▸ **What this task involves**:
Please output the section of the listing below that opens with the line containing "Выложить рис на" and closes with the line containing "Christmas Tree and", exactly and with nothing else.

▸ **Data records**:

□ □ □ □ □

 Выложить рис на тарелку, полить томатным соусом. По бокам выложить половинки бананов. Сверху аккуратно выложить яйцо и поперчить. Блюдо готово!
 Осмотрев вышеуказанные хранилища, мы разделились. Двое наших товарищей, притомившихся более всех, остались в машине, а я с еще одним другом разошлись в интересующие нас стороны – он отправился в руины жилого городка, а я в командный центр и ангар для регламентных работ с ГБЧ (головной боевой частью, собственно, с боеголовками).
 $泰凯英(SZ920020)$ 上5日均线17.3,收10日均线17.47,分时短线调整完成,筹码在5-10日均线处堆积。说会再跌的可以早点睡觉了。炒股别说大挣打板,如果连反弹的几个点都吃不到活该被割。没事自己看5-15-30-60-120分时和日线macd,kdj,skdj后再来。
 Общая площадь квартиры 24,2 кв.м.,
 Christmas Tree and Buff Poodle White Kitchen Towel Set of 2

□ □ □ □ □

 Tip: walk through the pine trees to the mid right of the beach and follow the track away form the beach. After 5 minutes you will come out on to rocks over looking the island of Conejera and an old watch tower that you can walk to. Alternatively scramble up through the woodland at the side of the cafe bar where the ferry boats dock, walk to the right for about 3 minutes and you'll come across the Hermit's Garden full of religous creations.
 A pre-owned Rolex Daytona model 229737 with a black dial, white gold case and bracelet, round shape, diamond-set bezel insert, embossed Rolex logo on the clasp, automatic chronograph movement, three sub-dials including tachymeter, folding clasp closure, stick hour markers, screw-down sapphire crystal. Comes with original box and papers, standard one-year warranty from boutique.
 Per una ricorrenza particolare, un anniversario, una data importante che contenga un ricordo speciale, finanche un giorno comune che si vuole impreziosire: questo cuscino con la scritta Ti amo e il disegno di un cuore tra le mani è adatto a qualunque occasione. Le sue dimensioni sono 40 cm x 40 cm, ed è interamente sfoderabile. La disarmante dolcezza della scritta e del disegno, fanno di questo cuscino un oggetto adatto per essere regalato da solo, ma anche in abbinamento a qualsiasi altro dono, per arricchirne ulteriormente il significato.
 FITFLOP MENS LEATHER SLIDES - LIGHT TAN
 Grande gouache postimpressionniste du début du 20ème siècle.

□ □ □ □ □

▸ **Task output**:
 Выложить рис на тарелку, полить томатным соусом. По бокам выложить половинки бананов. Сверху аккуратно выложить яйцо и поперчить. Блюдо готово!
 Осмотрев вышеуказанные хранилища, мы разделились. Двое наших товарищей, притомившихся более всех, остались в машине, а я с еще одним другом разошлись в интересующие нас стороны – он отправился в руины жилого городка, а я в командный центр и ангар для регламентных работ с ГБЧ (головной боевой частью, собственно, с боеголовками).
 $泰凯英(SZ920020)$ 上5日均线17.3,收10日均线17.47,分时短线调整完成,筹码在5-10日均线处堆积。说会再跌的可以早点睡觉了。炒股别说大挣打板,如果连反弹的几个点都吃不到活该被割。没事自己看5-15-30-60-120分时和日线macd,kdj,skdj后再来。
 Общая площадь квартиры 24,2 кв.м.,
 Christmas Tree and Buff Poodle White Kitchen Towel Set of 2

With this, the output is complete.